ANGUS Robertson has called on Theresa May to adopt an “ethical foreign policy" and follow Americas’s lead by cutting arms sales to Saudi Arabia.

The SNP leader at Westminster said that Britain had sold £3.3 billion of arms to Saudi Arabia since its bombing campaign began in Yemen; some of them were made in Scotland.

During Prime Minister’s Questions, he told Mrs May: "The US Government has just said, and I quote, ‘systematic endemic problems in Saudi Arabia's targeting drove the US decision to halt a future weapon sale involving precision guided munitions’.

"The Saudis have UK-supplied precision guided Paveway IV missiles; they're made in Scotland. The UK has licensed £3.3bn worth of arms to Saudi Arabia since the beginning of the bombing campaign. What will it take for the UK to adopt an ethical foreign policy when it comes to Yemen?"

The PM stressed that the intervention in Yemen was UN-backed. "As I have said previously, where there are allegations of breaches of international humanitarian law, then we require those to be properly investigated.

"We do have a relationship with Saudi Arabia; the security of the Gulf is important to us.

"I would simply also remind him that actually, Saudi intelligence, the counter-terrorism links we have with Saudi Arabia, the intelligence we get from Saudi Arabia, has saved potentially hundreds of lives here in the UK," she noted.

Earlier, Mrs May had pointed out how Britain had a very strict regime of export licences, explaining: “We exercise that very carefully and in recent years we have indeed refused export licences in relation to arms, including to Yemen and Saudi Arabia.”

After PMQs, Mr Robertson claimed the decision by Washington to halt arm sales was a “huge embarrassment” for the UK, which was now lagging behind.

"The SNP has long campaigned for the UK Government to halt arms sales to Saudia Arabia; the issue has been raised 60 times by SNP MPs…across 25 debates.

"The atrocities in Yemen are of devastating proportions and it begs the question of what needs to happen for the UK Government to finally take a stand and stop selling arms to a country accused of killing civilians," he added.

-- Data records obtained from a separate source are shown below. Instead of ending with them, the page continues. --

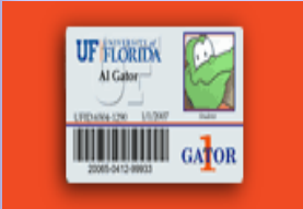
UF's Gator 1 Card

Students not on a graduate assistantship may also purchase health insurance sponsored through Student Government. Call the Insurance Office of the Student Health Care Center at 352.392.1161 x284, or visit them online at http://www.shcc.ufl.edu/insurance.shtml .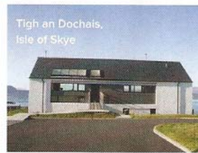
Tigh an Dochais, Isle of Skye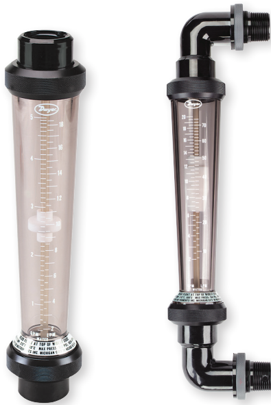
Shown with optional polysulfone fittings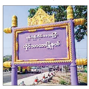
Hlinethaya Township entrance.

"Now, buyers go to observe with the help of agents so they have more options. Some buyers choose a property based on wards and some do based on their likes such as price, building condition and location. So, we can't say which wards are the most attractive for buyers," he added. — Thit Taw/ZS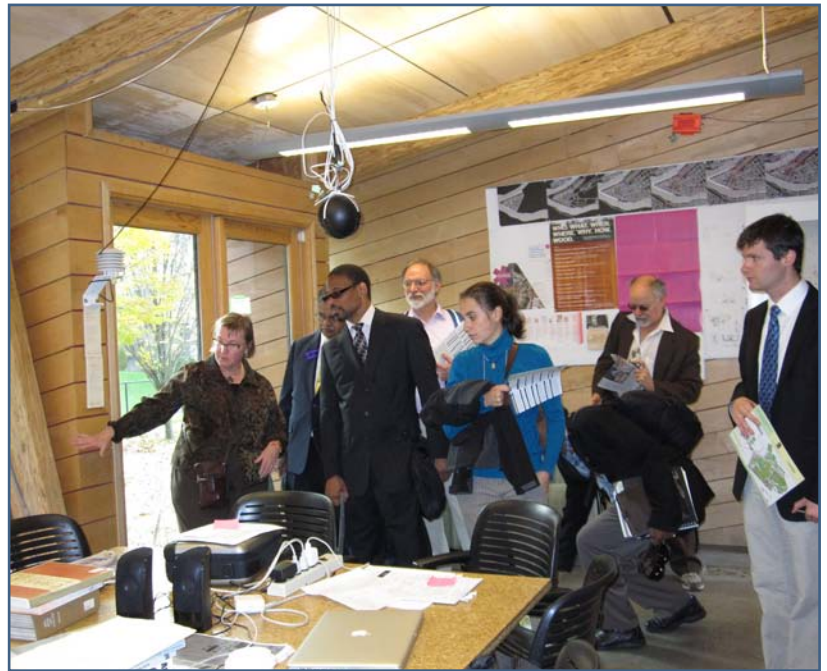
CEREL participants tour the Solar Decathlon House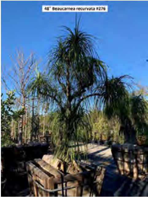
48" Beaucarnea recurvata #276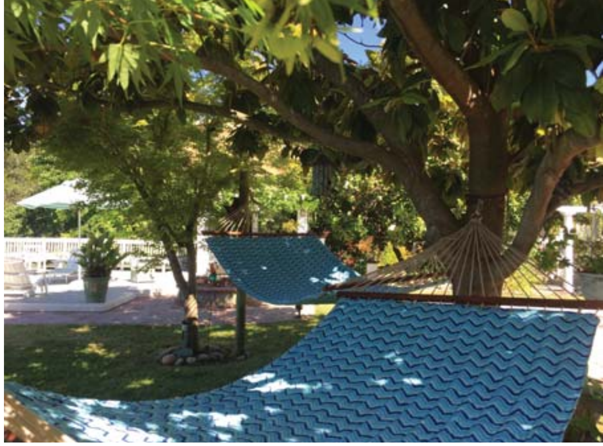
A double hammock doubles the summer relaxation.

Other popular home remedies include application of toothpaste, a wet tea bag, Preparation H, or a slice of onion. Be aware that it may take a week or longer for the pain, swelling, and itching to subside. Again, if in doubt about the severity of the sting, contact your physician.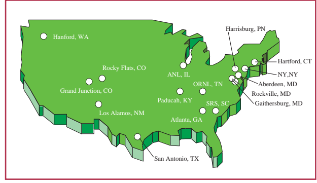
Figure 1. Applications of RESRAD family of computer codes to sites contaminated with radioactive residues

RESRAD uses a pathway analysis method in which the relationship between radionuclide concentrations in soil and the dose to

Elsewhere, Kate Allen, the director of Amnesty International UK, said: "It's really shocking that Theresa May is still burying her head in the sand over the UK's responsibility to suspend arms sales to Saudi Arabia, given the clear risk that UK weapons could be used to commit breaches of international humanitarian law in Yemen.”

Thousands of Yemeni civilians had already been killed and injured by the Saudi-led coalition's reckless and indiscriminate bombing of homes, hospitals, schools and factories.

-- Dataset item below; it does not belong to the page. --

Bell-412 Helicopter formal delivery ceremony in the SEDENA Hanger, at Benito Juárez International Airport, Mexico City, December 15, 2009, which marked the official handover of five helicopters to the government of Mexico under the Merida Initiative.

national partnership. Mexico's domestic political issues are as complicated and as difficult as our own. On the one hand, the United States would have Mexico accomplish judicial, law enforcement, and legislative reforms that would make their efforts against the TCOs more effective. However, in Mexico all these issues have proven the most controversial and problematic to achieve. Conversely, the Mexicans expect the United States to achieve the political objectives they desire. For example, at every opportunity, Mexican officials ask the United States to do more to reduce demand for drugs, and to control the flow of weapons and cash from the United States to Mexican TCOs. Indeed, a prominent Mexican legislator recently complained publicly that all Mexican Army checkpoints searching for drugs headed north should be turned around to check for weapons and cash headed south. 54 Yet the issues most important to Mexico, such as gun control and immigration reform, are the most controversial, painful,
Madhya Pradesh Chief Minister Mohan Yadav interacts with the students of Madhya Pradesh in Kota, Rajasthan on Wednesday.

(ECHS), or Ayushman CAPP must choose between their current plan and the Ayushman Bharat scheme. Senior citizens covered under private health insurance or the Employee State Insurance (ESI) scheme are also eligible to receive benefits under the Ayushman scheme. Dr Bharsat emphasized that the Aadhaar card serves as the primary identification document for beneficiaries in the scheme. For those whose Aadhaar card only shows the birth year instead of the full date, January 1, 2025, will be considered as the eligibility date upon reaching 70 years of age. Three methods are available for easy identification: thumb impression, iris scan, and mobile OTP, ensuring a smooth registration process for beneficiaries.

"Earlier this year, we revealed how the Saudi coalition had been using British-made cluster bombs in their attacks near Yemeni villages and farms in the north of the country.

"With the USA now suspending exports of precision-guided weapons to Saudi Arabia, the UK is being exposed as an utterly hardline, conscience-free arms exporter.

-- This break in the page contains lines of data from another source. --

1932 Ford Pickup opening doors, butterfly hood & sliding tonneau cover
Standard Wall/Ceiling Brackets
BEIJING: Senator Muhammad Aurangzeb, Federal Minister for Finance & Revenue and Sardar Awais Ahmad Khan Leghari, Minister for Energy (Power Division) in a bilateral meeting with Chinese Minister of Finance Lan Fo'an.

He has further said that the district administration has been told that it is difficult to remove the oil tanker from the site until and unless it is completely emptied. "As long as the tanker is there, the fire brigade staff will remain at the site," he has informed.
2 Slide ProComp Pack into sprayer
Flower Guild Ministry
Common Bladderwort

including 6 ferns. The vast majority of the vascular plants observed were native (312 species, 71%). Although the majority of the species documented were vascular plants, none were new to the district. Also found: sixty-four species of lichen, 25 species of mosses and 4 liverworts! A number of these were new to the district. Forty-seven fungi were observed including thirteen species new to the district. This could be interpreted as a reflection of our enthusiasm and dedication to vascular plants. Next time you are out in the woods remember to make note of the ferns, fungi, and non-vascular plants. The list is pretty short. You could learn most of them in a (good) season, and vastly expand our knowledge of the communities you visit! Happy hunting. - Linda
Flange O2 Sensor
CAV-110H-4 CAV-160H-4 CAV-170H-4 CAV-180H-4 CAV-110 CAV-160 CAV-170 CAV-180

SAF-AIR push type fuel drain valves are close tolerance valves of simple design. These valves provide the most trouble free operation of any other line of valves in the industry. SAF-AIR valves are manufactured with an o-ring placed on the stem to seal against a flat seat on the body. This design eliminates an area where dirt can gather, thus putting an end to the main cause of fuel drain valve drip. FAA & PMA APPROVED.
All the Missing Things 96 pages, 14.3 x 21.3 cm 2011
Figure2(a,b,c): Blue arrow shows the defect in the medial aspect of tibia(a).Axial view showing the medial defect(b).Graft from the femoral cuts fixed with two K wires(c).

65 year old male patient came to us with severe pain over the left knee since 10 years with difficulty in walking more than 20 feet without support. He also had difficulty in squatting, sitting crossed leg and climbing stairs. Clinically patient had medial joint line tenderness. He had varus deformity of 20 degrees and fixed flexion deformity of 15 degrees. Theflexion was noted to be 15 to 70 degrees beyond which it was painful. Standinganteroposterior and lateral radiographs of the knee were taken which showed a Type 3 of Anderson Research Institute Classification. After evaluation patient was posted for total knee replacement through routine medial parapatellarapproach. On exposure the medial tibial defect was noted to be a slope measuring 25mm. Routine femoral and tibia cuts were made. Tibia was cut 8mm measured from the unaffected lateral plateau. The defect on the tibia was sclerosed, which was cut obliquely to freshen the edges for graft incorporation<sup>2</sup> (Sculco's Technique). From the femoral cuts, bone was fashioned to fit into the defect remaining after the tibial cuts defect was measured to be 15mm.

"We've said it before but we need to keep saying this - the UK should immediately suspend all further weapons sales to Saudi Arabia that risk fuelling further atrocities in Yemen, before it brings further disgrace upon itself over its part in this brutal war," she added.

Prime Minister Abdulaziz bin Habto, who leads the rebel Houthi government in Yemen, has accused the UK of war crimes after reported discoveries of British-made weapons in bombed parts of the country.

The Foreign Office said it was aware of reports of an alleged airstrike on a school using UK-supplied weapons and was seeking further information.

"The UK Government takes all allegations of international humanitarian law violations very seriously. We will analyse this allegation in the usual way,” said a spokesman.

Saudi Arabia has denied causing large-scale civilian deaths, saying it is making every effort to avoid hitting civilian targets.

Thousands of people have been killed in the civil war with nearly three million displaced since it began in 2014.